Desde ayer tarde el SAIH da un caudal a la salida del embalse de Zújar de más de 140 metros cúbicos por segundo. Yo había leido que sus turbinas no tenían tanta capacidad. Por eso pregunto si alguien sabe si han abierto compuertas en Zújar.

   La CHG dijo la semana pasada que estaba en funcionamiento el tunel reversible entre Zújar y Orellana. Si el nivel del Zújar ha bajado apreciablemente en los ultimos días es de suponer que estará pasando bastante agua desde Orellana a Zújar por ese túnel ya que cuanto mayor sea la diferencia  de nivel entre los dos embalses más agua pasará por el túnel.
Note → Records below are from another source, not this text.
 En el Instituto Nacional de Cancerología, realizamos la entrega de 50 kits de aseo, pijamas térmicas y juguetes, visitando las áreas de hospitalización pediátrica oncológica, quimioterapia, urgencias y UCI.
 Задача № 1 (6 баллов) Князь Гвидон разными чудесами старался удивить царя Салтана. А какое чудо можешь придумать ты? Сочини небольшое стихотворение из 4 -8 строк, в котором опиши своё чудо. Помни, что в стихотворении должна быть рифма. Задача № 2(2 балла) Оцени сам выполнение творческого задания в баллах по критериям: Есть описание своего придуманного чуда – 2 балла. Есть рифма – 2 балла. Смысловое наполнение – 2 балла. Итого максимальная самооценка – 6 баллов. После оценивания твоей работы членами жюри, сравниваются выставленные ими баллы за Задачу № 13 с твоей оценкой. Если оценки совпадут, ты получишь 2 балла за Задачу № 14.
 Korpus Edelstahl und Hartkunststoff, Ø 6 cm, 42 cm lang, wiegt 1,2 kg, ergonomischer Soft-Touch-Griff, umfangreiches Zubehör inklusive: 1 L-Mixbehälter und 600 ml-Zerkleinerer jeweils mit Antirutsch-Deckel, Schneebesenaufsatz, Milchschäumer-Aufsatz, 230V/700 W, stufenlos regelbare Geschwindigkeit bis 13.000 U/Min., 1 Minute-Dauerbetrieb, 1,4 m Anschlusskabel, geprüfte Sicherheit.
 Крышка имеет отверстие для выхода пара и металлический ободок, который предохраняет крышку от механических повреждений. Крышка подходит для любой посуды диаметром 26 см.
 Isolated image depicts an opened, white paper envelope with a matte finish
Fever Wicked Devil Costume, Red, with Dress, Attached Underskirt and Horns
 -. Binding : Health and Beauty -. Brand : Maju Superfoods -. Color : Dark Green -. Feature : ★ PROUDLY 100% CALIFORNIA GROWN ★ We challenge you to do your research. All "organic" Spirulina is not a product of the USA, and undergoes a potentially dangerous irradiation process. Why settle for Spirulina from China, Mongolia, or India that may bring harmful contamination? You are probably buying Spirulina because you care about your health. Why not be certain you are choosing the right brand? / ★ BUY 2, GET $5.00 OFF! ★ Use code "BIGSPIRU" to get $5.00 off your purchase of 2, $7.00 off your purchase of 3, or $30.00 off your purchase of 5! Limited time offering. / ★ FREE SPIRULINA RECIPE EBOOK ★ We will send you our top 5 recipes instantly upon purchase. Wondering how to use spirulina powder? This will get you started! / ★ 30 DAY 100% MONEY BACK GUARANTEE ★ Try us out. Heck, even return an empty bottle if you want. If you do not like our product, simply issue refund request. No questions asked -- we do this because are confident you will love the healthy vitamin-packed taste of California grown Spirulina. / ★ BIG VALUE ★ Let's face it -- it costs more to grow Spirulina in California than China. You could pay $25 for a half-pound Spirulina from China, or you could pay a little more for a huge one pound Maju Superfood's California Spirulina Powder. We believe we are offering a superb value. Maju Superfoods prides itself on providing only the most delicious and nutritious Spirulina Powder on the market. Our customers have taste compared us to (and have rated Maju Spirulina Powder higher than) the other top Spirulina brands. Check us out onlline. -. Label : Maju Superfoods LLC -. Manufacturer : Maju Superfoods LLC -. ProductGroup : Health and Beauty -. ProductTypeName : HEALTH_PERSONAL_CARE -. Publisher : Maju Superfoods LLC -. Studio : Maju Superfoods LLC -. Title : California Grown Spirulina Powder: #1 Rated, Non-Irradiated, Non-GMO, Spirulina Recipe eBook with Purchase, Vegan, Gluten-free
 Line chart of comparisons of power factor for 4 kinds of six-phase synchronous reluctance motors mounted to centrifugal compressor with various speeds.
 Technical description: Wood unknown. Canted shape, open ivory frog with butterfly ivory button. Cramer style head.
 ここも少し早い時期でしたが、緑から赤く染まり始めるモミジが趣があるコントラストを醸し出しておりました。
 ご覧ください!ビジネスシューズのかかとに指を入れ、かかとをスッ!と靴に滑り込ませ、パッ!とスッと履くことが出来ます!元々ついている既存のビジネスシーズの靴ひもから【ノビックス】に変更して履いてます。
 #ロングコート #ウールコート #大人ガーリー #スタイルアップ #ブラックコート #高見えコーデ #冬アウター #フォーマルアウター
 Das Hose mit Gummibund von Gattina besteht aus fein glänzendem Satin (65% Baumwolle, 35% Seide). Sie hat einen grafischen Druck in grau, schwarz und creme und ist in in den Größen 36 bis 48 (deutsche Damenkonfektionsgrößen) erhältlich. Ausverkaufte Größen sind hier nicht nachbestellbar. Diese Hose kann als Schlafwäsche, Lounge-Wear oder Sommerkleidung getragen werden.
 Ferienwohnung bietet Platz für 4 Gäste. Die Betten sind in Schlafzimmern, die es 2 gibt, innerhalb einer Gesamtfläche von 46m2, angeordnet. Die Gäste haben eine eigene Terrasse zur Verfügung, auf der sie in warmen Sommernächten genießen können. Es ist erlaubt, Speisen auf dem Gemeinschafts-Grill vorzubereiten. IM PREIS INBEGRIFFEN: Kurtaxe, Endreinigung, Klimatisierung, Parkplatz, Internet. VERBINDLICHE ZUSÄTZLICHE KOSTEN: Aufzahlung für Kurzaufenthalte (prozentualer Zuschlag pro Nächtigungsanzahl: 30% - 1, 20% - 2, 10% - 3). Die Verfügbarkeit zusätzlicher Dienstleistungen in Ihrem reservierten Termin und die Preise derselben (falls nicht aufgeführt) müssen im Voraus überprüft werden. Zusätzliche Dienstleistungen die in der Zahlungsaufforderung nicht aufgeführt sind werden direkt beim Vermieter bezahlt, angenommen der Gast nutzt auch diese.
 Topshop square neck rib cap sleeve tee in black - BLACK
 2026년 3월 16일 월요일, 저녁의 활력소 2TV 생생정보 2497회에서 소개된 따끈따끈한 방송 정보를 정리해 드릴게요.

   Pensé que estaban trasvasando agua desde Orellana a Zújar para turbinarla con la central hidroeléctrica de Zújar en vez de dejarla salir en Orellana por las compuertas sin producir electricidad. Pero, ¿tanta capacidad de turbinar tiene la central de Zújar como para dar un caudal de salida de 145 metros cúbicos por segundo cuando la de Orellana tiene 50 metros cúbicos por segundo?

----------


## F. Lázaro

> Desde ayer tarde el SAIH da un caudal a la salida del embalse de Zújar de más de 140 metros cúbicos por segundo. Yo había leido que sus turbinas no tenían tanta capacidad. Por eso pregunto si alguien sabe si han abierto compuertas en Zújar.
> 
>    La CHG dijo la semana pasada que estaba en funcionamiento el tunel reversible entre Zújar y Orellana. Si el nivel del Zújar ha bajado apreciablemente en los ultimos días es de suponer que estará pasando bastante agua desde Orellana a Zújar por ese túnel ya que cuanto mayor sea la diferencia  de nivel entre los dos embalses más agua pasará por el túnel.
> 
>    Pensé que estaban trasvasando agua desde Orellana a Zújar para turbinarla con la central hidroeléctrica de Zújar en vez de dejarla salir en Orellana por las compuertas sin producir electricidad. Pero, ¿tanta capacidad de turbinar tiene la central de Zújar como para dar un caudal de salida de 145 metros cúbicos por segundo cuando la de Orellana tiene 50 metros cúbicos por segundo?


Sobre si ha abierto las compuertas el Zújar, no tengo conocimiento de tal hecho, pero me parece que está desembalsando demasiada agua para ser sólo por turbinación...mucho caudal está tirando, por lo que si es posible que esté tirando por arriba.

Sobre el caudal de las centrales...depende. Las dos centrales tienen casi la misma potencia (22 MW Orellana y 28,3MW el Zújar), pero pueden tener diferentes caudales...tienen casi la misma potencia, pero una puede tener más caudal que la otra porque tiene mayor o menor altura, dependiendo de la altura...no si me explico bien... :Confused: 

Un saludo. Intentaré informarme oficialmente si el Zújar está tirando agua por arriba, ya que parece demasiado caudal para ser por turbina.

----------